The University of North Carolina at Chapel Hill has received a $1 million grant from the Andrew W. Mellon Foundation to support the Moore Undergraduate Research Apprentice Program (MURAP), a national program that aims to diversify the pool of students pursuing doctoral degrees in the humanities, social sciences and fine arts.
MURAP works with students from underrepresented minority groups, and others with a proven commitment to diversity, to support their ambitions to attend graduate school and become faculty members.
The $1 million grant, whose principal investigator is MURAP’s director, Dr. Rosa Perelmuter of Carolina’s department of romance studies in the College of Arts and Sciences, builds on previous Mellon Foundation support for the program and will fund MURAP through September 2019.
“We deeply value our partnership with the Andrew W. Mellon Foundation,” said Chancellor Carol L. Folt. “Its continued support of programs like MURAP has helped to advance Carolina’s commitment to both opportunity and excellence. With the Mellon Foundation’s help, MURAP is building the future of higher education by offering a premier training ground for diverse students to achieve their dreams.”
Each summer, MURAP brings 20 rising college juniors and seniors from all over the United States to Carolina for a 10-week, graduate-level research experience. Carolina faculty members serve as mentors to the students and guide their research, which explores topics in the humanities, social sciences or fine arts. The program is highly competitive and attracts outstanding students from across the country who seek admission for each class.
“Our students leave the program with the tools they need to transition successfully to graduate school and an awareness of the importance of belonging to a cohort of like-minded, diverse individuals with whom they form strong bonds that help them as they advance through the academic pipeline,” said Perelmuter.

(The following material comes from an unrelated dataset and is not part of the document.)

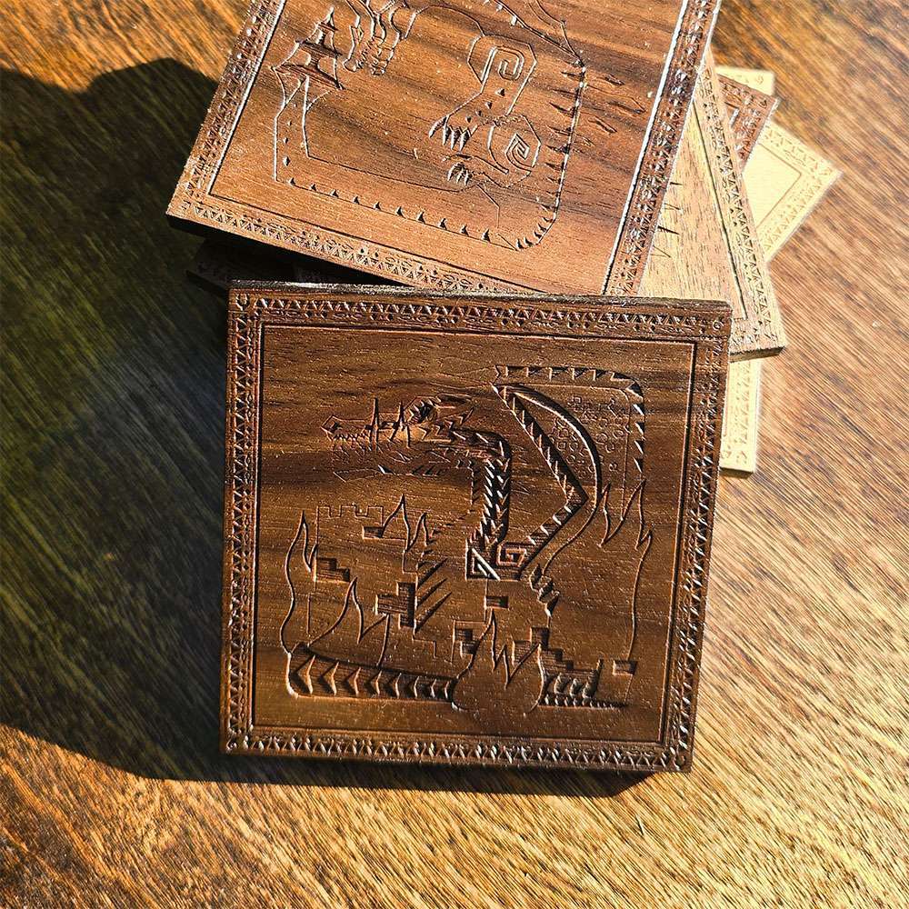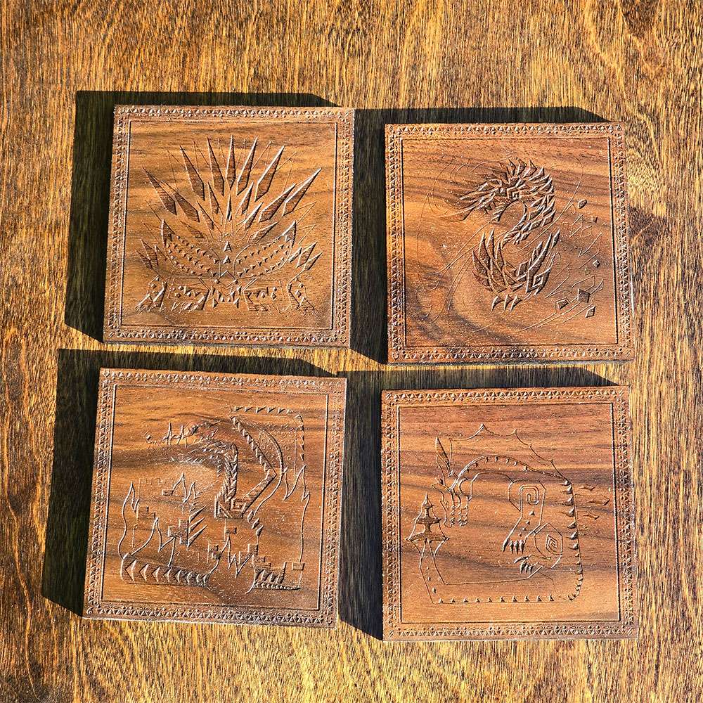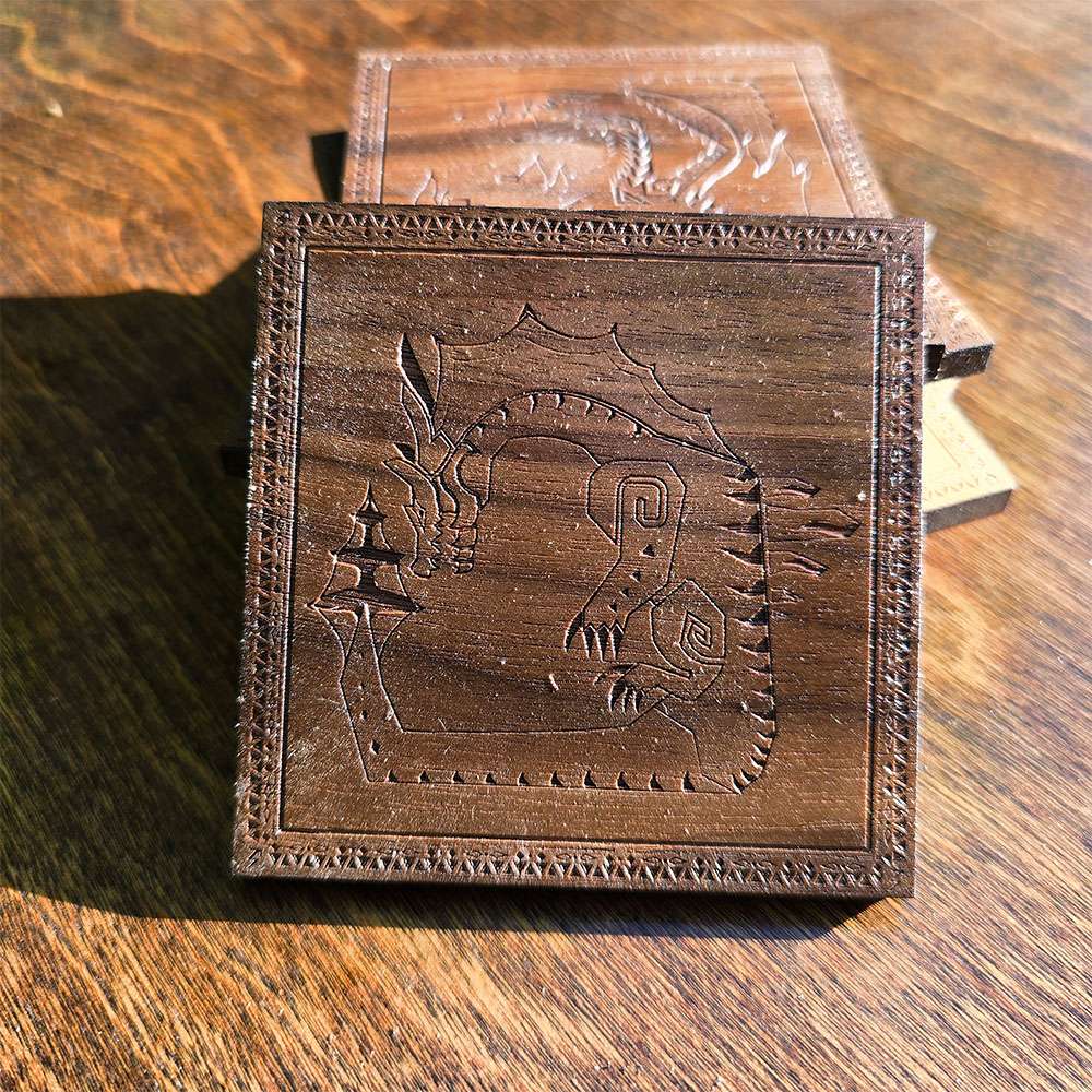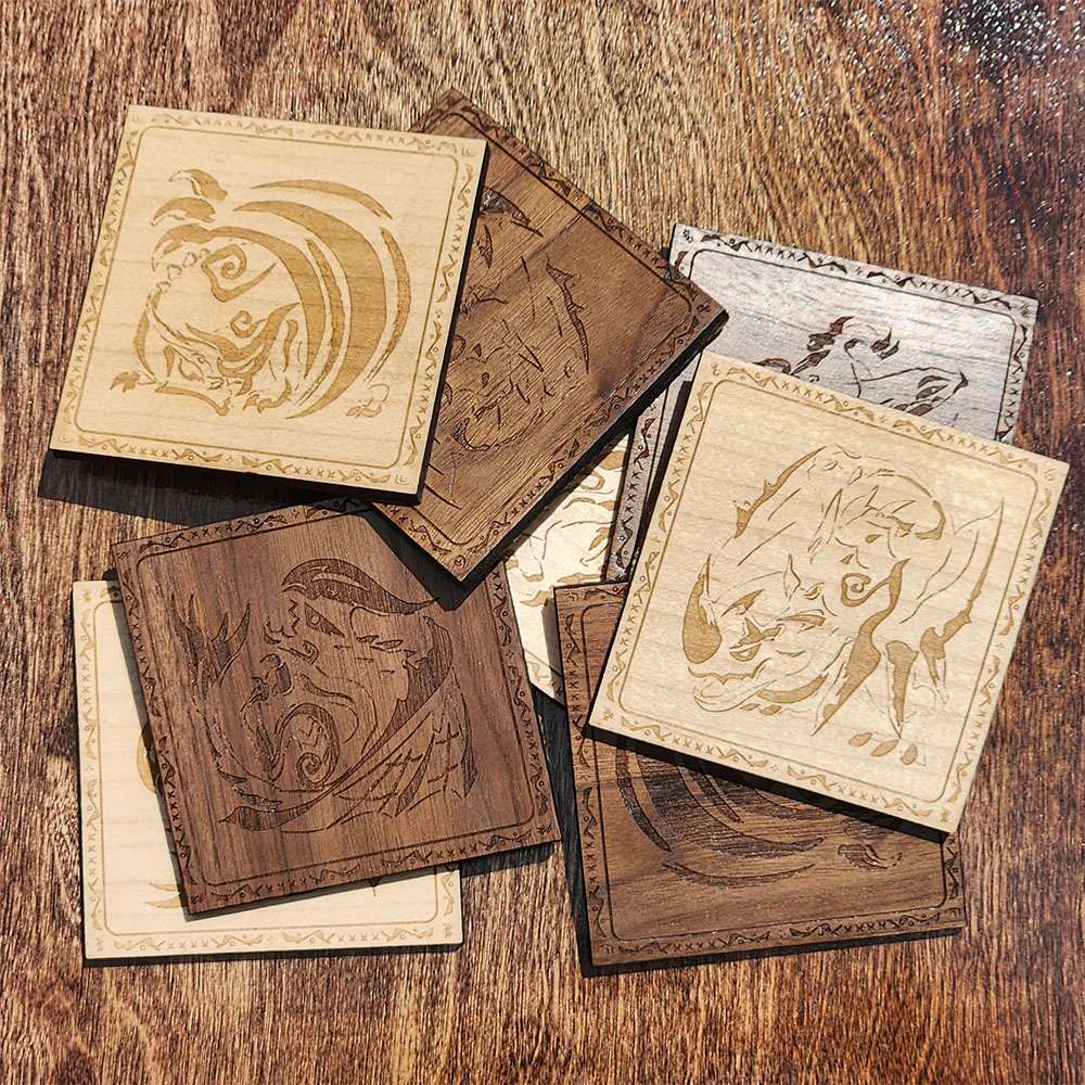 These modern coasters are made of from natural wood, bottomed with cork to protect any delicate surfaces you would every want to rest your drinks on. Featuring a highly water resistant coating they are made to be durable and easy to clean.Choose from one of the four fearsome beast or grab the whole set at a better price. Featuring illustrations of the Elder Dragon Hunter Nergigante, Cataclysmic Fatalis, Unstable Alatreon, and Lord of the Seas LagiacrusOptions in either Maple or Walnut woods*Can be made in Red Oak on request in same style as series 1-3.

Since MURAP launched in 1989, 468 students have participated in the program, 76 have gone on to earn a Ph.D., 62 are employed in teaching or administrative positions in academia and 17 have received tenure.
Success stories include that of Folashade Alao, a 2000 MURAP alumna who is now an associate director of undergraduate research at the Emory College of Arts and Sciences.
“MURAP was a critical step in helping me develop as a scholar, sharpen my critical tools and think about what it means to study a subject,” Alao said. “It was also a place where I saw superb research and mentoring modeled.”
Other MURAP alumni have gone on to hold faculty positions at Harvard University, Duke University, Howard University and Dartmouth College, among other institutions, as well as positions with the UNC system at the Wilmington campus. MURAP alumnus Dr. Brian Johnson, now president of Tuskegee University, called the program a “defining point in my academic and intellectual development.”
Figures from the National Science Foundation’s “2013 Survey of Earned Doctorates” underscore the need for increased numbers of minorities earning doctorate degrees – only 6.4 percent of Ph.D.’s received were by African Americans, 8.5 percent by Asians, 6.4 percent by Hispanics and .35 percent by American Indians or Alaska Natives.
“UNC-Chapel Hill has for two decades been innovating a model for training students during the summer and socializing them to graduate school and scholarly careers,” said Dr. Armando Bengochea, program officer for Diversity at the Andrew W. Mellon Foundation. “This model complements other pipeline programs supported by the Mellon Foundation and especially reflects the goals of the Mellon Mays Undergraduate Fellowship (MMUF). The foundation is delighted to partner with UNC-Chapel Hill in the continuing evolution of its model and in the service of our common goals to diversify the American professoriate.”
The Moore Undergraduate Research Apprentice Program is named for Mignon Moore, an associate professor of sociology at Barnard College and MURAP’s first Ph.D. Recipient.